Published online Oct 14, 2022. doi: 10.3748/wjg.v28.i38.5626
Peer-review started: June 9, 2022
First decision: August 1, 2022
Revised: August 19, 2022
Accepted: September 21, 2022
Article in press: September 21, 2022
Published online: October 14, 2022
At present, there is insufficient medical evidence to determine whether adjuvant chemotherapy is necessary for T2N0M0 gastric cancer.
To obtain a risk score to assess the need for adjuvant chemotherapy in patients with T2N0M0 gastric cancer.
We identified 325 patients with pathological T2N0M0 stage primary gastric cancer at the National Cancer Center between 2011 and 2018. Univariate and multivariate Cox regression analyses were performed to predict factors affecting prognosis. Vascular invasion, tumor site, and body mass index were assessed, and a scoring system was established. We compared the survival outcomes and benefits of adjuvant chemotherapy between the different subgroups.

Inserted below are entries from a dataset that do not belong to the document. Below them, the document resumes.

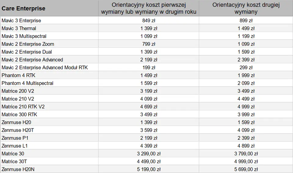 DJI Care Enterprise nie obejmuje:1) Zgubionego bądź częściowo zgubionej kamery, gimbala lub akcesoriów.2) Kradzieży lub porzucenia produktu.3) Uszkodzeń spowodowanych lotem w niewłaściwych warunkachatmosferycznych.4) Nadajnika, akcesoriów dodatkowych.5) Rozmyślnej utraty drona.6) Uszkodzeń obudowy, które nie wpływają na działanie produktu.7) Bezpośrednich lub niebezpośrednich uszkodzeń spowodowanych działaniem sił wyższych.8) Usterek powstałych poza okresem ważności DJI Care Enterprise.9) Dodatkowych opłat związanych z ulepszaniem modelu, poprawianiem jego osiągów.10) Usterek wynikających z przeprowadzania modyfikacji, które nie są zgodne z zaleceniami znajdującymi się w podręczniku użytkownika bądź z używania niekompatybilnych akumulatorów i ładowarki.11) Usterek wynikających z korzystania z nieautoryzowanych akcesoriów, akumulatorów bądź oprogramowania.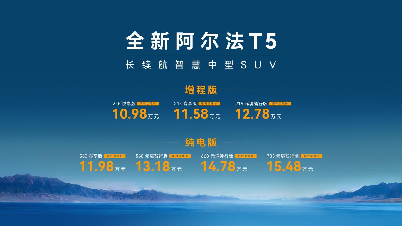 在造型、空间、续航、舒适等方面,全新阿尔法 T5 也进行了全方位升级。造型上,车身线条简约流畅,极智源流日行灯时尚动感,主动进气格栅不仅提升颜值,还实现 0.243Cd 的同级最低风阻系数,新增的瓦纳蓝、熔岩灰外观配色和赤焰棕内饰配色更显质感。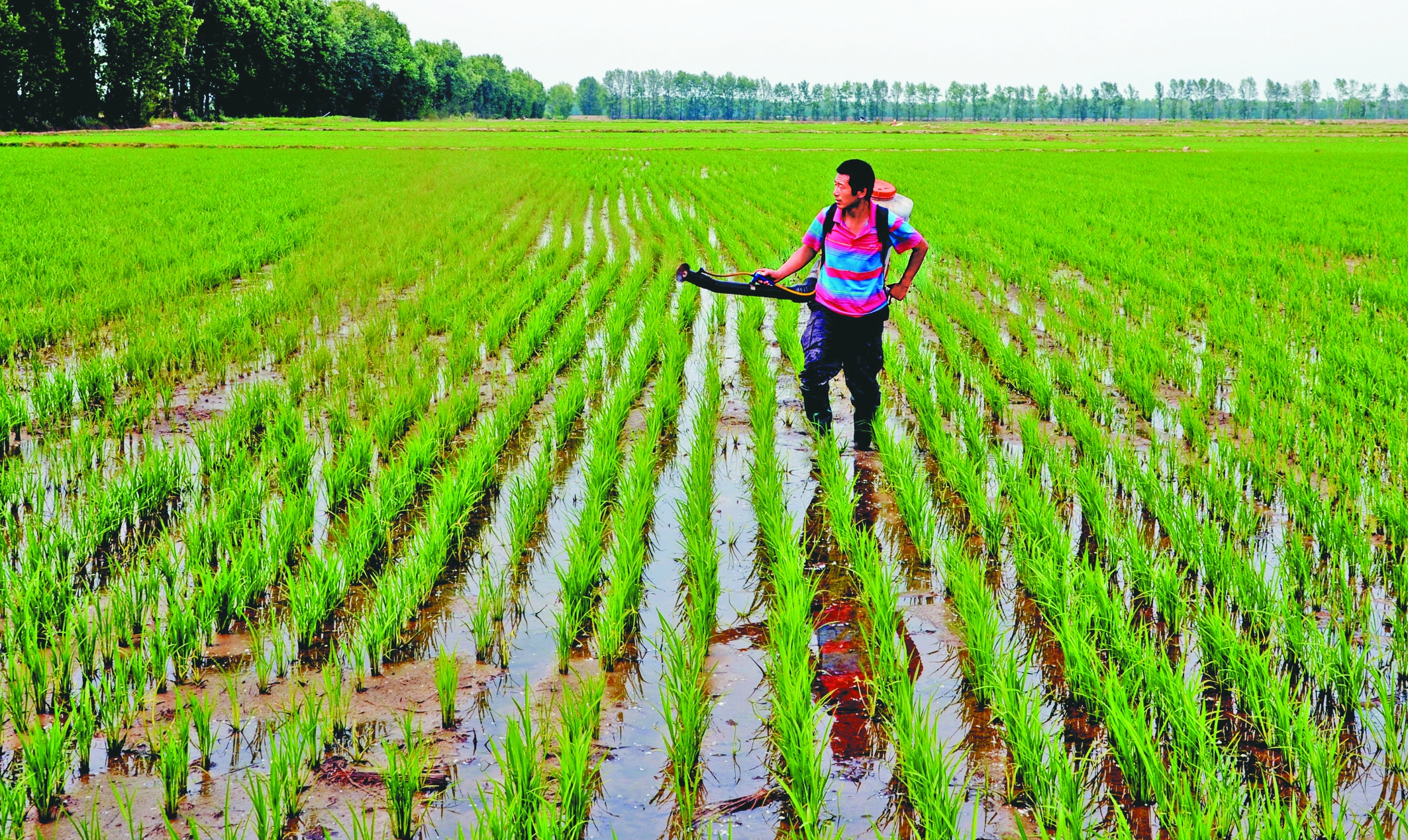 近日,北大荒股份江滨分公司为排除连日低温多雨造成的水稻分蘖延迟、生产缓慢现状,积极组织人力对水稻实施浅、湿、干间歇灌溉,并根据叶龄进程实时追施氮肥,增施磷钾肥,同时喷施微肥,提高植株营养状况,增强水稻抗逆性,促进水稻生长。 图为员工正在为水稻喷施微肥。 韩玉红本报记者 邵国良摄

Five-year survival rates of the score 0, 1, 2, and 3 groups were 92%, 95%, 80%, and 50%, respectively (P < 0.001). In the score 2-3 group, five-year survival rates for patients in the adjuvant chemotherapy group and postoperative observation group were 95% and 61%, respectively (P = 0.021).

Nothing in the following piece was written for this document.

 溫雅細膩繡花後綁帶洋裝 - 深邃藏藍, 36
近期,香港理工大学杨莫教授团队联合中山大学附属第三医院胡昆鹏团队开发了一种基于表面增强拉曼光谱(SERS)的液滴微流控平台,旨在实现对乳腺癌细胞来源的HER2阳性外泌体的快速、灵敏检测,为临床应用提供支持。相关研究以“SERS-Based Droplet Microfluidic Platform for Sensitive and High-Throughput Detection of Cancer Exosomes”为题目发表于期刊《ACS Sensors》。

For patients with T2N0M0 stage gastric cancer and two or more risk factors, adjuvant chemotherapy after D2 gastrectomy may have a survival benefit.
Core Tip: It is controversial whether adjuvant chemotherapy is necessary for stage T2N0M0 gastric cancer. In our study, we assessed the risk score of patients with pathologic T2N0M0 gastric cancer after D2 gastrectomy, based on clinicopathological factors, and identified a high-risk subgroup that could benefit from adjuvant chemotherapy. For patients with T2N0M0 stage gastric cancer with two or more risk factors, adjuvant chemotherapy after D2 gastrectomy may have a survival benefit.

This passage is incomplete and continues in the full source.